DATA SUPPLIED:

"""

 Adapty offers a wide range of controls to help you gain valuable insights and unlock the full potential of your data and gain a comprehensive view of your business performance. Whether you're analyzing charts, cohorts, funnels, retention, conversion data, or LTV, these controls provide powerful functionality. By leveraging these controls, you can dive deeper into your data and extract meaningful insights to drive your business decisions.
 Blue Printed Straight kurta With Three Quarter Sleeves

"""
"""

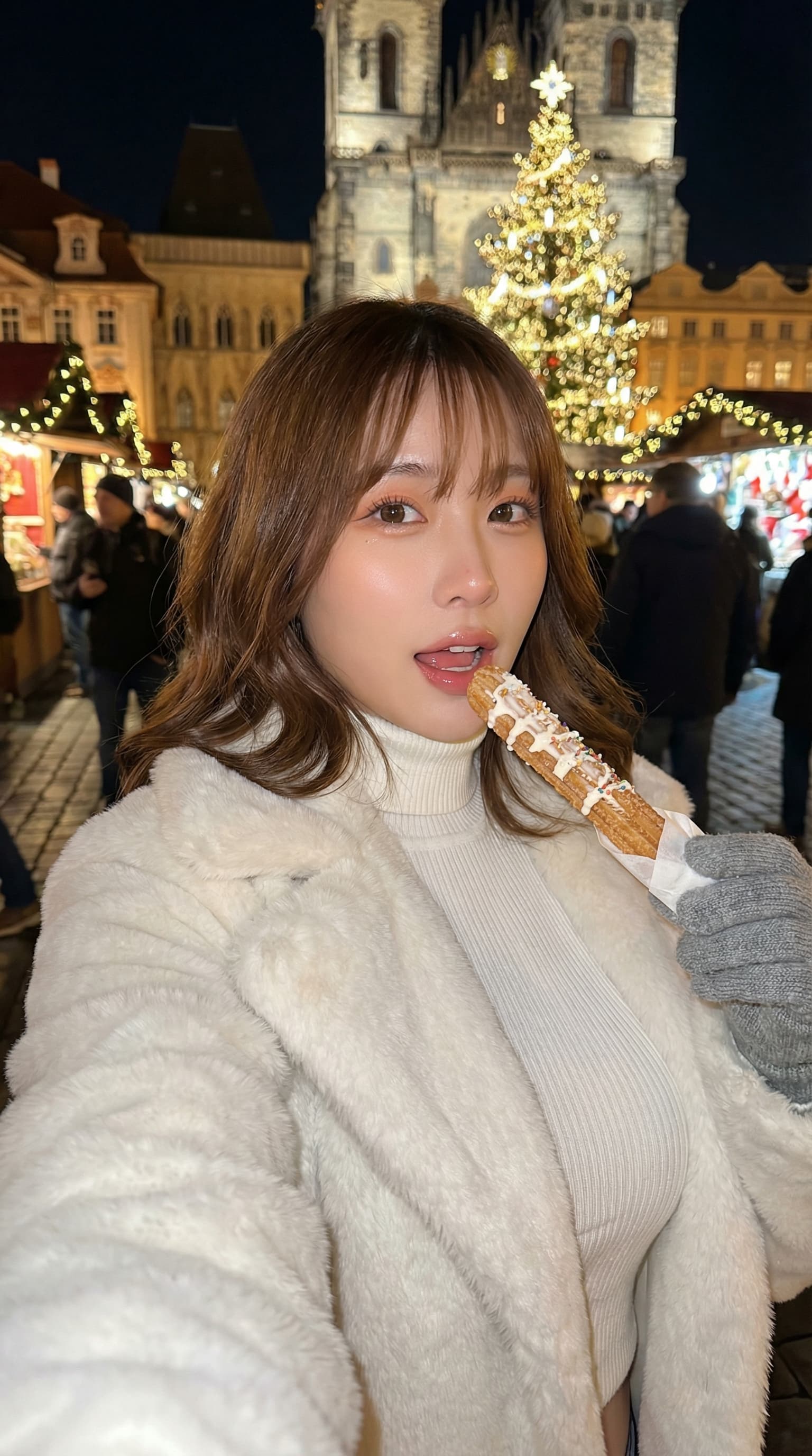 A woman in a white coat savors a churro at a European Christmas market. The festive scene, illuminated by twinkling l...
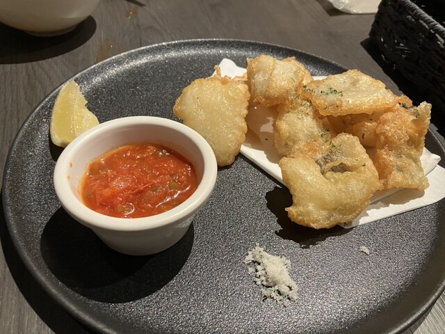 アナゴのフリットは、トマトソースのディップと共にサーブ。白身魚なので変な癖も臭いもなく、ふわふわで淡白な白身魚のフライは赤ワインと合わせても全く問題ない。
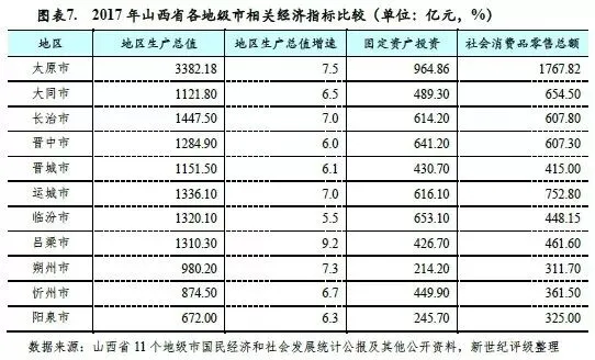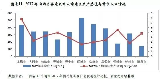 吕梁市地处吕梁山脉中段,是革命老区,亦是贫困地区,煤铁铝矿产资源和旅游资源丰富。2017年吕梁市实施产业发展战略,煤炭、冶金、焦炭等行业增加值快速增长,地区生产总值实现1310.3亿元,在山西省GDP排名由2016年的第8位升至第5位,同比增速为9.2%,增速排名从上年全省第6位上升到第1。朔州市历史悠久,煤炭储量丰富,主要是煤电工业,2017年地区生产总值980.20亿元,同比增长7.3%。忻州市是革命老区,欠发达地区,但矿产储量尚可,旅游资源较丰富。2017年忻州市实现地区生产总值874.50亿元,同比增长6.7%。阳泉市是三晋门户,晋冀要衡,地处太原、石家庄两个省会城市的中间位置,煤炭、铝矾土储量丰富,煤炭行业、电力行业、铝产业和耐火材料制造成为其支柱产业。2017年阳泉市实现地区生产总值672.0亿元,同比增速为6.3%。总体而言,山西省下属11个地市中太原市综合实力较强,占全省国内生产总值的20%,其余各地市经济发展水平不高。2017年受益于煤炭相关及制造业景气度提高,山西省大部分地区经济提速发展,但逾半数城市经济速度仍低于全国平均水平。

"""

For this exercise, set down the lines in the entries above from the one with "A woman in a" through the one with "吕梁市地处吕梁山脉中段,是革" exactly as written, without any pictures.

 A woman in a white coat savors a churro at a European Christmas market. The festive scene, illuminated by twinkling l...
 アナゴのフリットは、トマトソースのディップと共にサーブ。白身魚なので変な癖も臭いもなく、ふわふわで淡白な白身魚のフライは赤ワインと合わせても全く問題ない。
 吕梁市地处吕梁山脉中段,是革命老区,亦是贫困地区,煤铁铝矿产资源和旅游资源丰富。2017年吕梁市实施产业发展战略,煤炭、冶金、焦炭等行业增加值快速增长,地区生产总值实现1310.3亿元,在山西省GDP排名由2016年的第8位升至第5位,同比增速为9.2%,增速排名从上年全省第6位上升到第1。朔州市历史悠久,煤炭储量丰富,主要是煤电工业,2017年地区生产总值980.20亿元,同比增长7.3%。忻州市是革命老区,欠发达地区,但矿产储量尚可,旅游资源较丰富。2017年忻州市实现地区生产总值874.50亿元,同比增长6.7%。阳泉市是三晋门户,晋冀要衡,地处太原、石家庄两个省会城市的中间位置,煤炭、铝矾土储量丰富,煤炭行业、电力行业、铝产业和耐火材料制造成为其支柱产业。2017年阳泉市实现地区生产总值672.0亿元,同比增速为6.3%。总体而言,山西省下属11个地市中太原市综合实力较强,占全省国内生产总值的20%,其余各地市经济发展水平不高。2017年受益于煤炭相关及制造业景气度提高,山西省大部分地区经济提速发展,但逾半数城市经济速度仍低于全国平均水平。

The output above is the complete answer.